THE value of exports slumped 5pc last year, pushing the annual trade surplus to its lowest level since 2008 as the impact of pharmaceuticals coming off patent kicked in.
But the end of 2013 showed signs of recovery, with seasonally adjusted export values rising 11pc in December compared with the previous month, preliminary figures from the Central Statistics Office show.
The trade surplus narrowed during the year by 12pc, driven by a sharp fall in the value of pharmaceutical and medical exports.

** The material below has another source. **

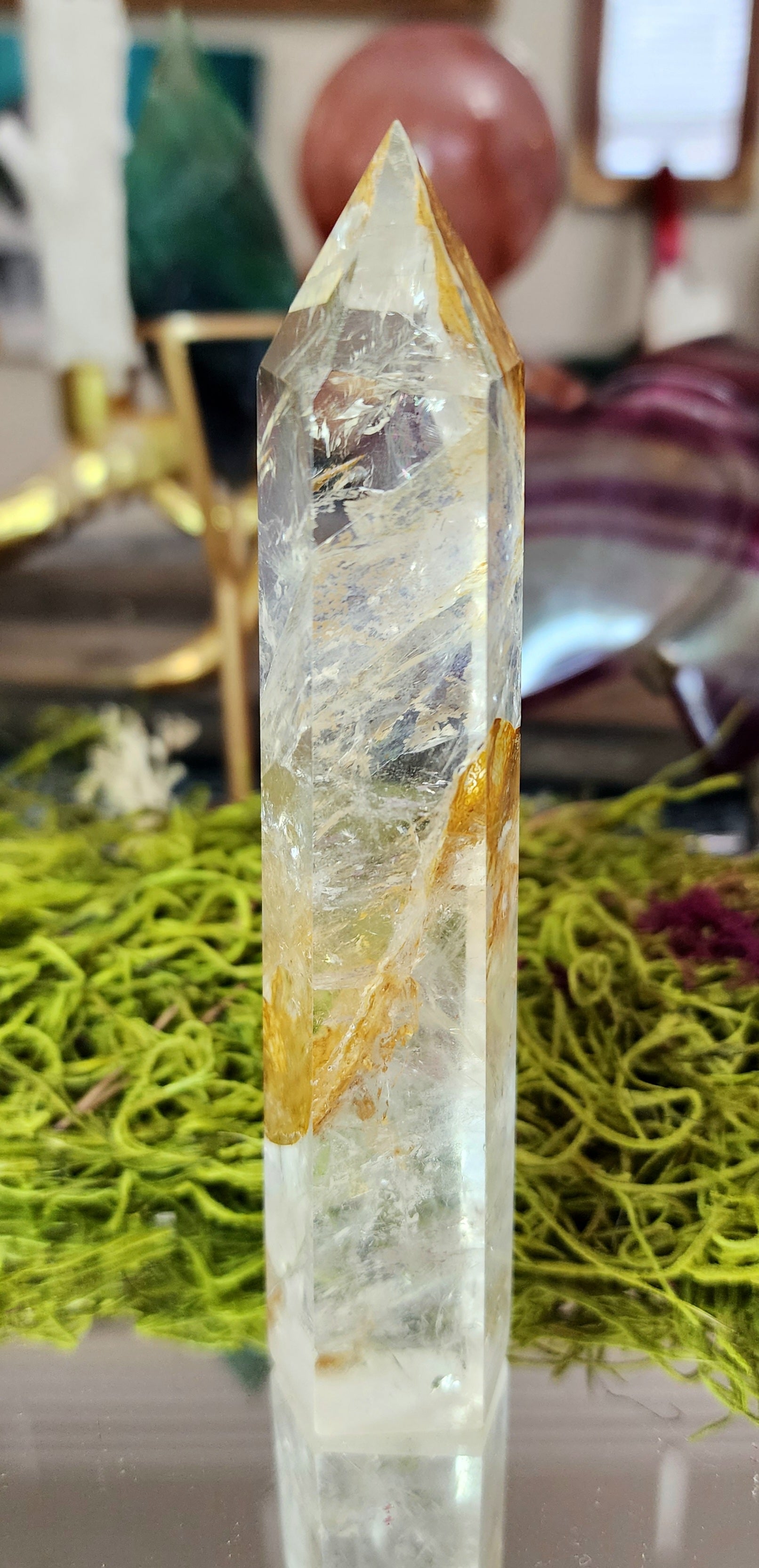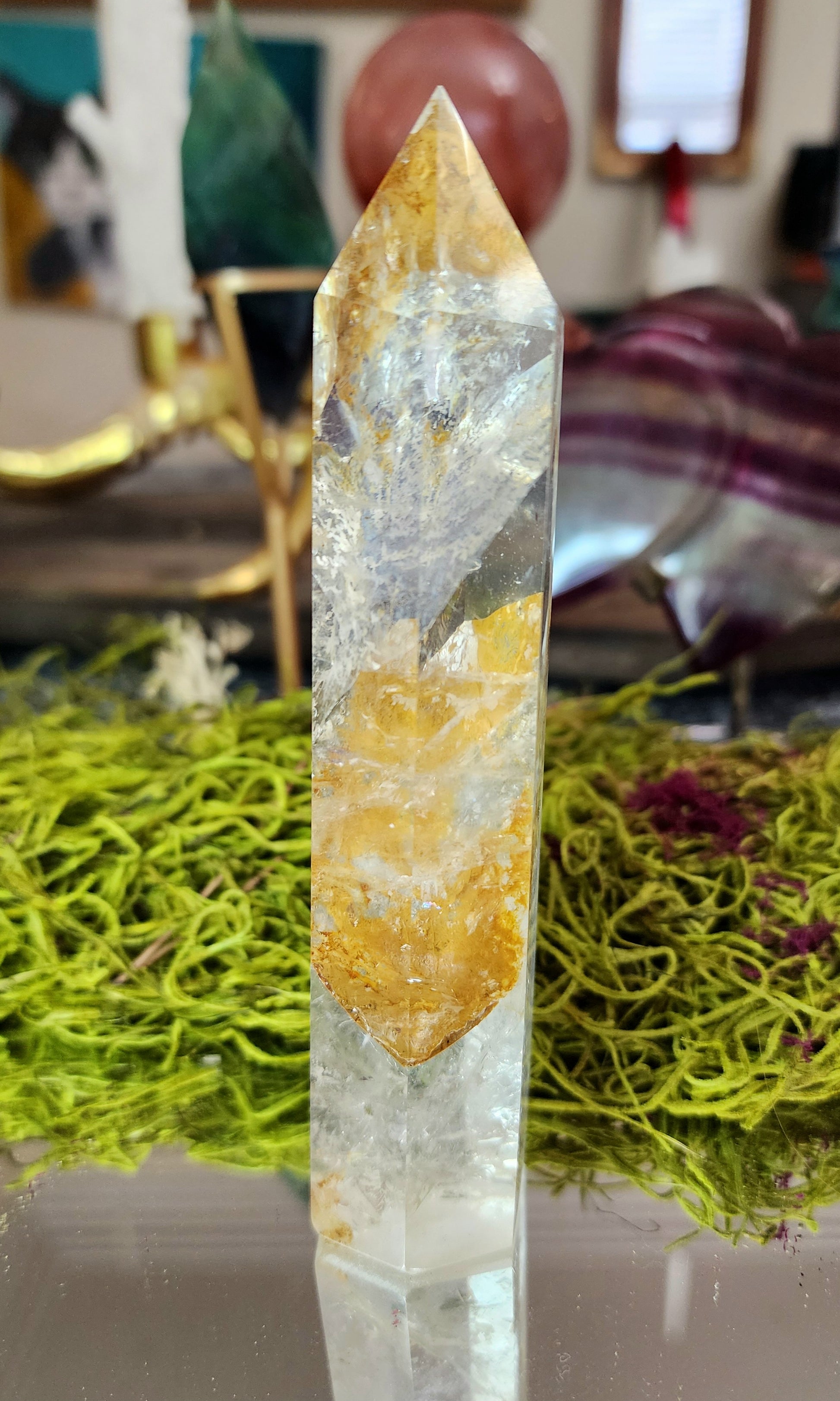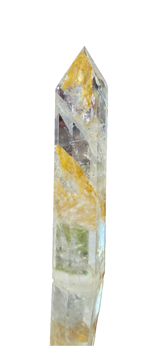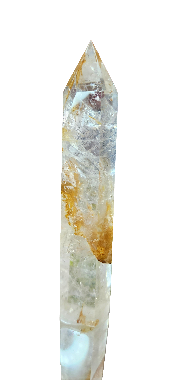 6 sided clear quartz tower with rainbows and iron inclusions
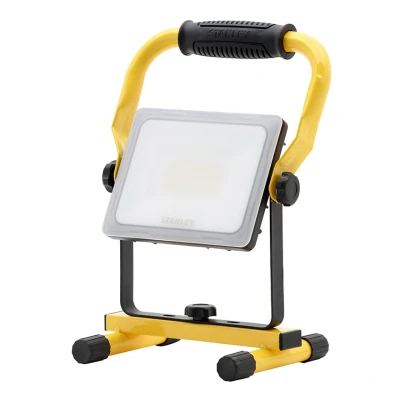 The 240V mains powered Stanley portable work light is a versatile work light that is ideal for trade professionals such as electricians, plumbers, carpenters, fitters and construction workers.Featuring a fully adjustable directional light head which allows the user to illuminate a wide area to ensure your worksite is well-lit and safe.With a light output power of 30W this work light outputs at 2400lm of 4000K cool white coloured light which can be directed to the area required due to the fully adjustable head.This Class I unit is IP44 rated suitable for various work and construction sites and weighs only 1.25kg. It is constructed from a robust and durable powder-coated steel frame and die-cast aluminium body with frosted shatterproof diffusers designed to withstand worksite conditions.The unit comes fitted with a useful carry handle and 1.5-metre H05RN-F 3G 1.5mm power cable.When not in use, this work light can be folded down to a suitable size for portability and storage.

The industry has been badly hit by the effect of the so-called patent cliff, a fall-off in the value of pharmaceutical sales as some drugs made here lose intellectual property protection.
Alan McQuaid of Merrion Stockbrokers said the effect of the patent cliff will be felt for some time yet.
“The pharmaceutical sector accounts for approximately a quarter of total Irish exports and half of merchandise exports,” he said.
“According to a research paper published by the Department of Finance last year, Ireland will continue to feel the negative impact of the patent cliff for some time to come, though the magnitude is unlikely to be as great as was felt in 2012.
“Furthermore, the headline impact should be offset to some extent by reduced imports through royalty payments.”
The trade surplus stood at €37.26bn at the end of last year. Imports rose 1pc over the year.
Specialist bank Investec said the figures weren’t surprising.
“We have known for some time that the 2013 outturn would be underwhelming, not least given the impact of the ‘Patent Cliff’, so today’s release comes as no surprise,” said Investec economist Philip O’Sullivan.
“Looking ahead, with releases such as the export component of PMIs pointing to robust appetite from overseas markets, we expect that the merchandise trade performance will see a uptick in 2014.”